DIE ZEIT: Herr Kachelmann, seit Ende Mai wissen wir jetzt alle, was die Wetterlage "Tief Mitteleuropa" bedeutet: viel Ärger. Ist sie für Meteorologen besonders schwierig?

Jörg Kachelmann: Nein, diese Wetterlage ist nichts Besonderes. Man kann ja auch gar nicht so viel machen als Meteorologe. Nur das Gebiet abgrenzen, in dem es knallen kann, und dann setzt man sich hin und wartet, bis es tatsächlich knallt. Sobald das Gewitter dann da ist, weiß man auch, wohin es zieht, und gibt seine Warnungen heraus.

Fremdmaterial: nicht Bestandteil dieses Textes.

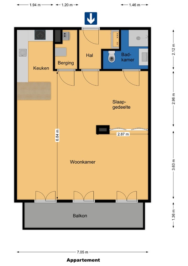 - De galerijflat heeft een woonoppervlakte van 64 m² en beschikt over 1 kamer, waarvan 1 slaapkamer;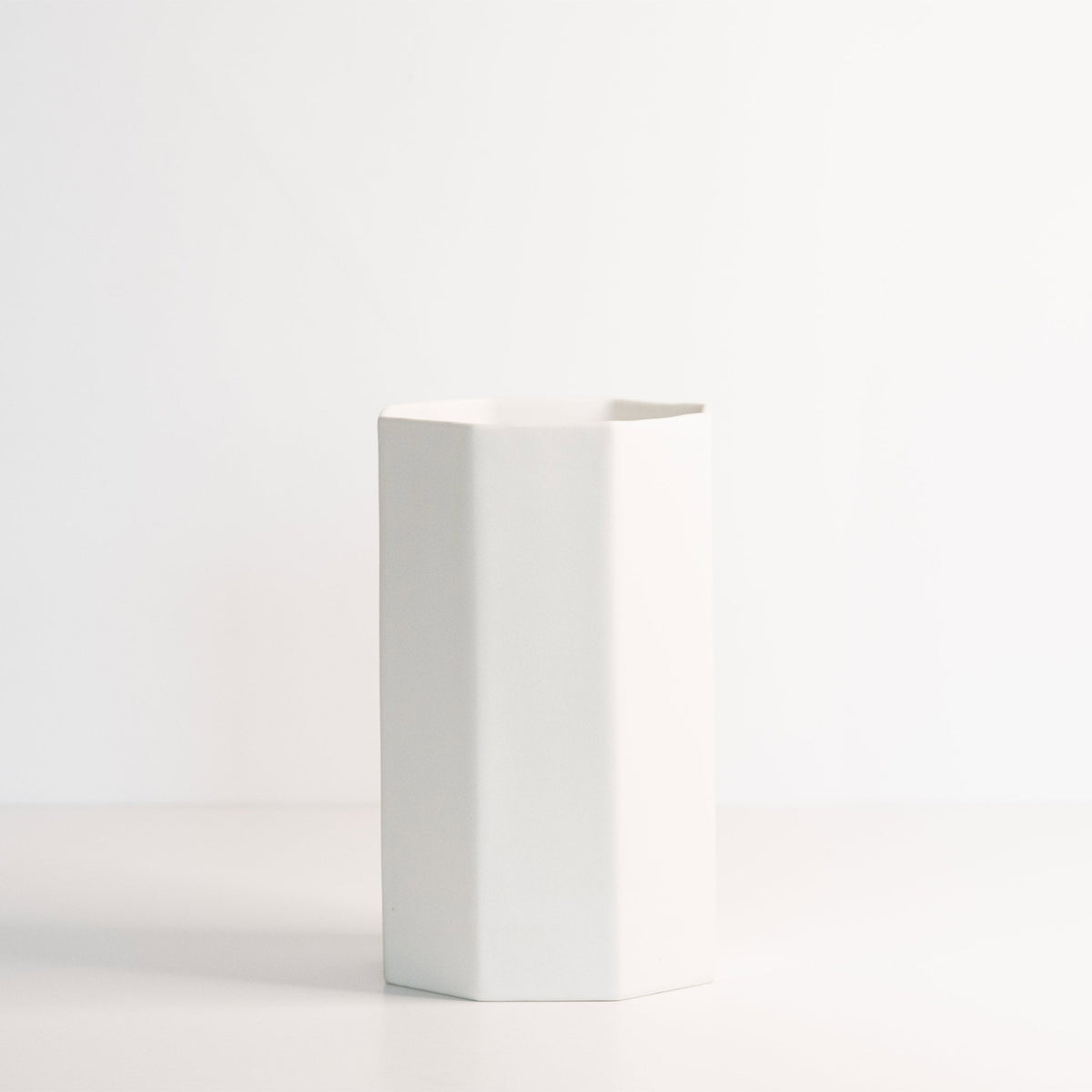 Ember Collective specializes in handmade ceramics from porcelain that fit perfectly in your kitchen and with modern farmhouse decor, surpassing both terracotta and stoneware clay pottery in quality. The Ceramic Bouquet Vase is the perfect statement piece to hold large flower bouquets inside your home, as a table setting, or for a centerpiece for wedding decor. The tall, octagonal shape of this table vase is strong enough to showcase long stemmed sunflowers and roses or flower arrangements with a variety of different colored and sized flowers. Buy more than one for a vase set and upgrade from the standard glass vase, by choosing the timeless look and feel of porcelain.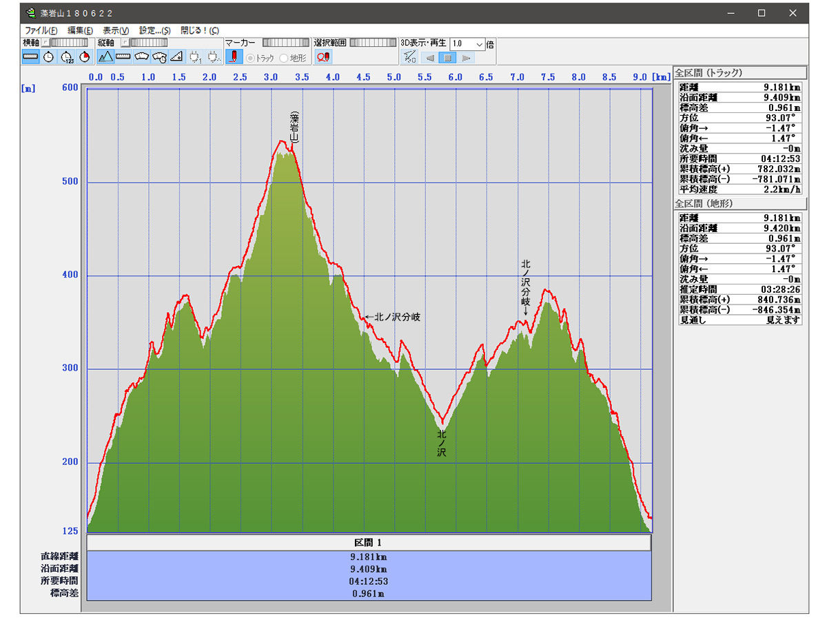 累積標高(+)地形   646m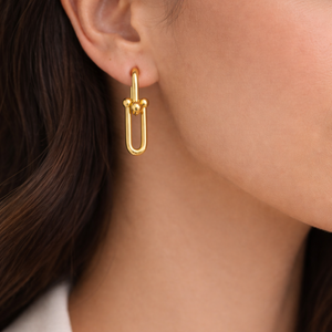 Elegant drop earrings crafted from gold-plated stainless steel, featuring a modern elongated design with polished bead accents. Minimal yet striking, they add a refined touch of sophistication to both everyday looks and special occasions.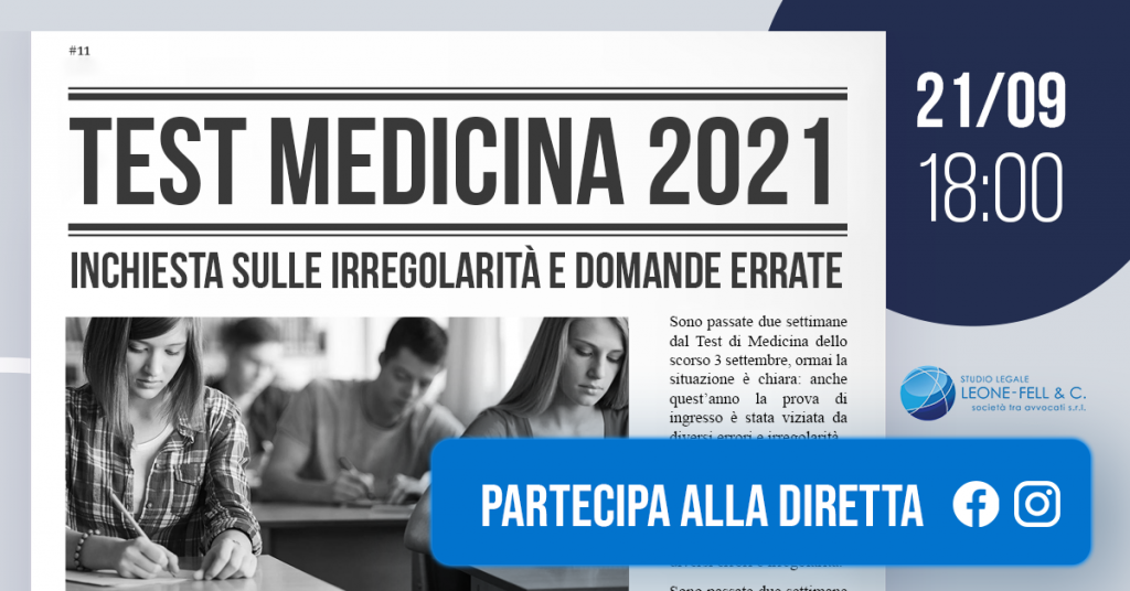 Proprio per analizzare e discutere delle irregolarità verificatesi quest’anno oltre che dei quesiti errati presenti nel test, lo Studio legale Leone-Fell, esperto di diritto amministrativo e leader nel campo dei ricorsi, ha organizzato una diretta su Facebook e Instagram fissata per martedì 21 alle 18.

ZEIT: Sie haben während des aktuellen Wettergeschehens das Wort "Hochwatergate" in Umlauf gebracht. Das ist wahrscheinlich kein meteorologischer Fachbegriff ...

Kachelmann: Korrekt.

ZEIT: Was meinen Sie damit?

Kachelmann: Um bei einer Unwetterlage zu verhindern, dass Menschen zu Schaden kommen, müssen alle mithelfen. Meteorologen, Medien und die örtlichen Behörden. Leider haben die Medien ihren Teil nicht gemacht.

ZEIT: Nach dem ersten schweren Gewitter-Wochenende in den letzten Maitagen haben Sie den Südwestrundfunk heftig kritisiert, Anfang Juni dann den Bayerischen Rundfunk. Sie sprachen von einer "Weigerung zur Information der Bevölkerung". Was haben die Sender denn unterlassen?

Kachelmann: Eigentlich alles, wenn man bedenkt, dass die Betroffenen hinterher gesagt haben, sie seien von dem Unwetter überrascht worden. Niemand muss im Jahr 2016 noch von einem Unwetter überrascht werden!

ZEIT: Aber heißt es nicht immer, ein Gewitter sei so schwer vorherzusagen, weil man nicht wissen kann, wann und wo genau es entstehen wird?

Kachelmann: Richtig, man kann eigentlich erst warnen, wenn das Gewitter da ist. Bewegt es sich dann zusätzlich nur sehr langsam vorwärts, beginnt die Uhr zu ticken. Bei der Wetterlage der vergangenen zwei Wochen hatten wir immer wieder Gewitter, die sich kaum bewegten und sich länger über demselben Ort entleerten. Man hat trotzdem noch etwas Zeit, bevor sie in einem Hochwasser münden. Das ist natürlich schwierig zu verstehen, weil Augenzeugen hinterher immer beschreiben, von einer Minute auf die andere sei das Wasser gekommen. Aber man hat ein Zeitfenster von ein bis drei Stunden, bis die Flut kommt. Ich hätte gerne gesehen, dass dieses Zeitfenster genutzt wird.

ZEIT: Selbst drei Stunden sind aber nur ein knapper Zeitraum ...

Kachelmann: Ich besitze seit 2005 eine Firma in Oklahoma, wo das Wetter oft viel böser ist als zumeist in Deutschland. Es gibt viele Tornados, Gewitter und genau das, was bei uns gerade passiert. Dort heißt es flash floodBlitzflut. Obwohl die meisten Unwetter stärker sind als hier, sterben dabei in den USA nur sehr wenige Menschen. Wenn es in Oklahoma gefährlich wird, stellen alle vier Fernsehsender samt und sonders ihr Programm um, schicken alle Leute los und berichten nur noch über das Wetter, Livestream inklusive. Das hat zur Folge, dass niemand der Realität ausweichen kann – man erreicht praktisch hundert Prozent der Bevölkerung.

ZEIT: Hätten auch bei uns die normalen Sendungen unterbrochen werden sollen?